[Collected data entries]

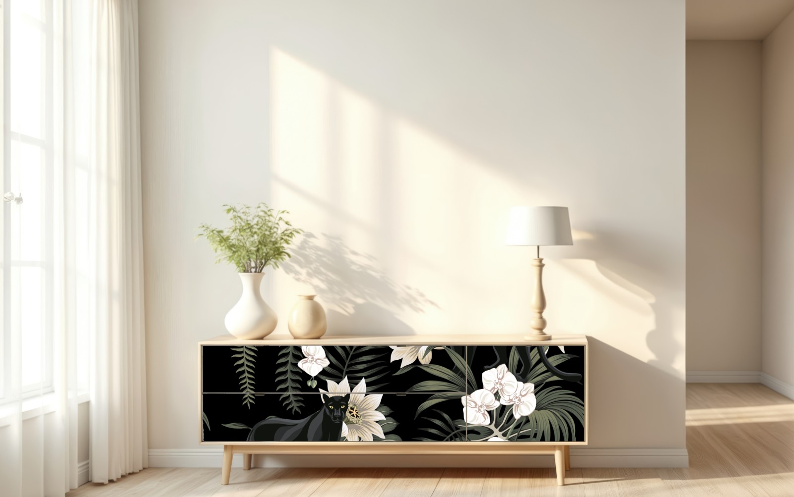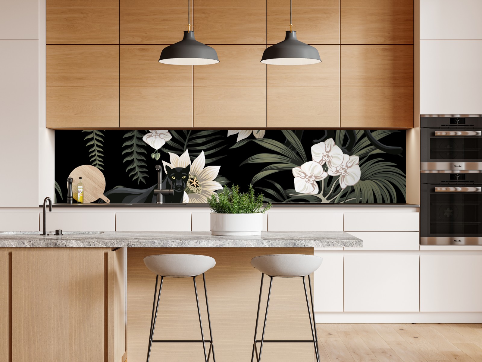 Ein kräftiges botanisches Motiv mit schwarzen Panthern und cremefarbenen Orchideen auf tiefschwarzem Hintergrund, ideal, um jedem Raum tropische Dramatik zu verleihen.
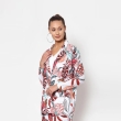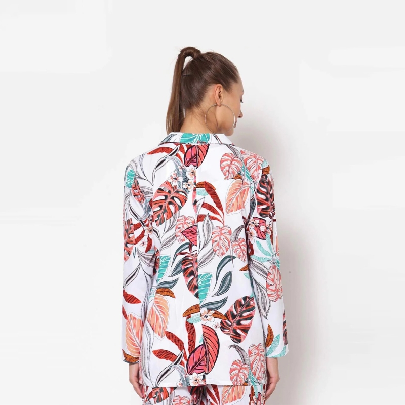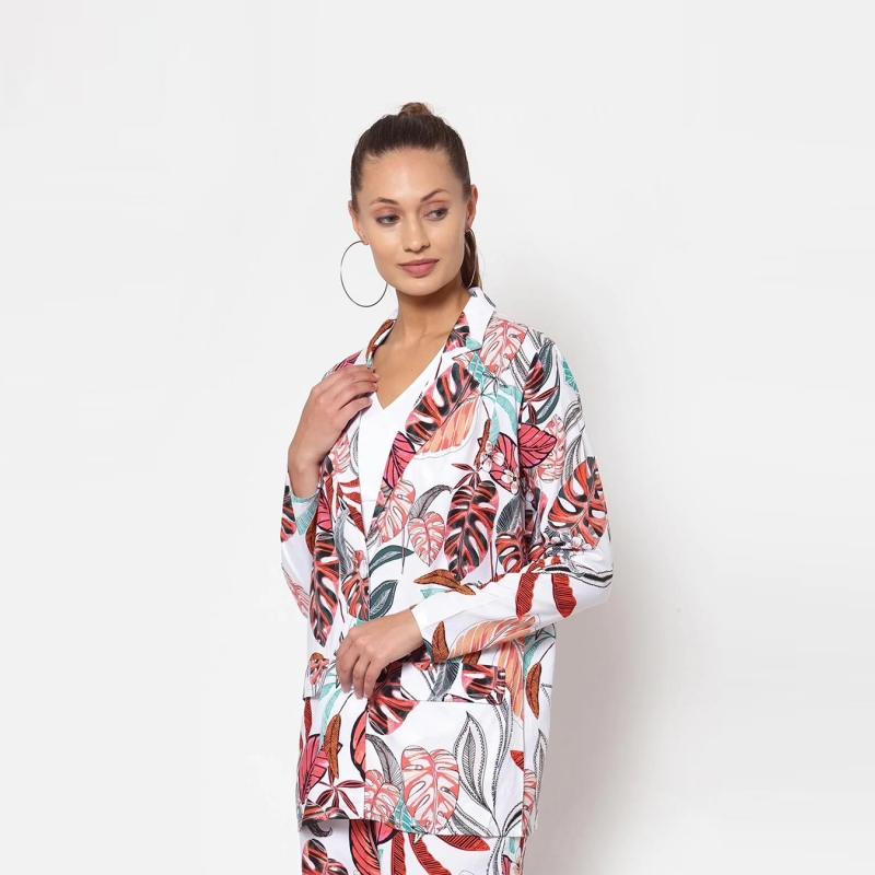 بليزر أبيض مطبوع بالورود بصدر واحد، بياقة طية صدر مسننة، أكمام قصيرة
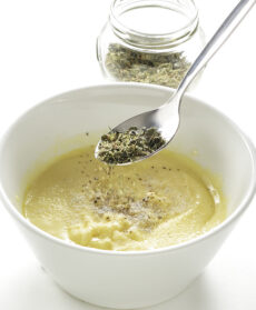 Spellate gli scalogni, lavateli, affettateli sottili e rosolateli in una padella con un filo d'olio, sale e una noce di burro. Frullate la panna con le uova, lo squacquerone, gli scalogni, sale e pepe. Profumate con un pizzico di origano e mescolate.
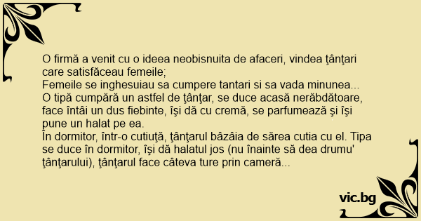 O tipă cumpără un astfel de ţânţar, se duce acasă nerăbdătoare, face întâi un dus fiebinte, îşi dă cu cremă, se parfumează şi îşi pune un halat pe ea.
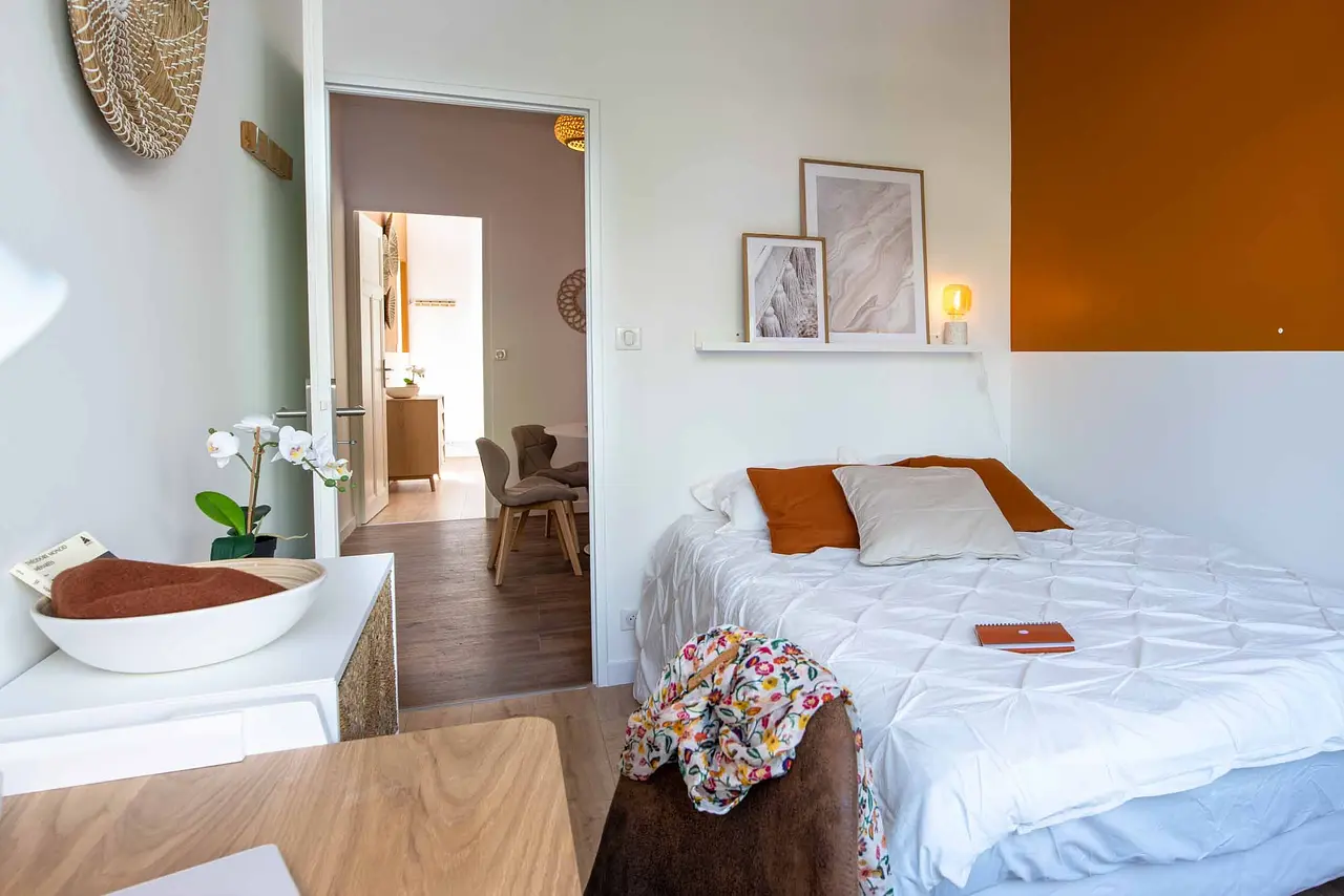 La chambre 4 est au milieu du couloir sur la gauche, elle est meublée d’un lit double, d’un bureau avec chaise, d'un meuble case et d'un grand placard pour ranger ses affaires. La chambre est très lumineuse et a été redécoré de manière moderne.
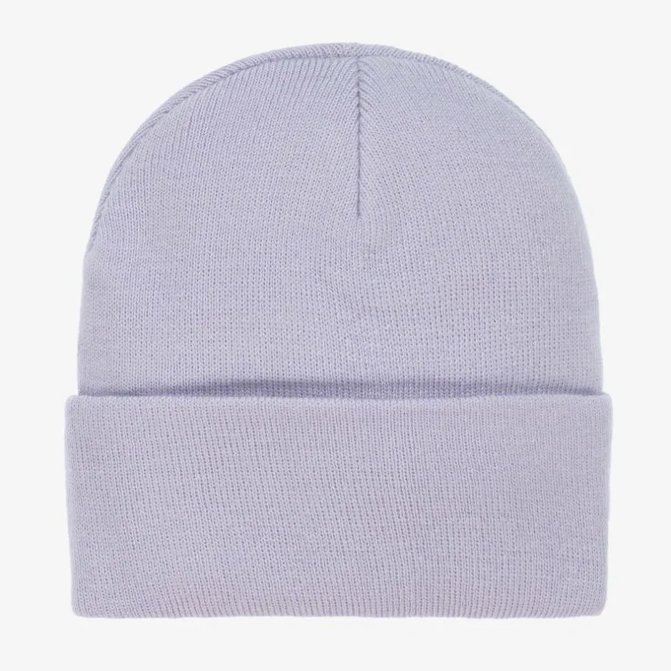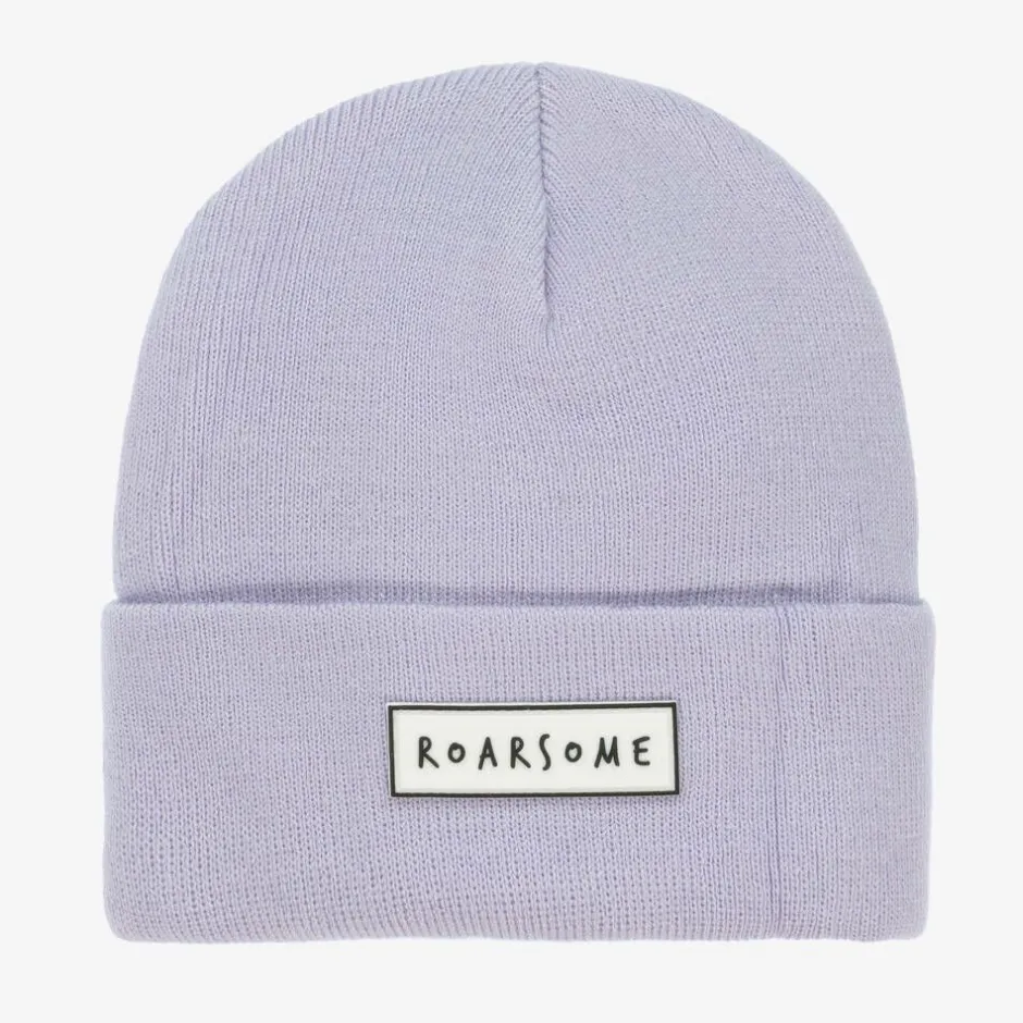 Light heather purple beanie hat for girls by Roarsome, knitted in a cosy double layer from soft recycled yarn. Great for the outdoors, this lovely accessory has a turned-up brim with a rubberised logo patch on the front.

Exercise brief:
Reproduce the lines above starting at the one with "Spellate gli scalogni, lavateli, affettateli" and ending at the one with "La chambre 4", both included, exactly and with no pictures.

Answer area:
 Spellate gli scalogni, lavateli, affettateli sottili e rosolateli in una padella con un filo d'olio, sale e una noce di burro. Frullate la panna con le uova, lo squacquerone, gli scalogni, sale e pepe. Profumate con un pizzico di origano e mescolate.
 O tipă cumpără un astfel de ţânţar, se duce acasă nerăbdătoare, face întâi un dus fiebinte, îşi dă cu cremă, se parfumează şi îşi pune un halat pe ea.
 La chambre 4 est au milieu du couloir sur la gauche, elle est meublée d’un lit double, d’un bureau avec chaise, d'un meuble case et d'un grand placard pour ranger ses affaires. La chambre est très lumineuse et a été redécoré de manière moderne.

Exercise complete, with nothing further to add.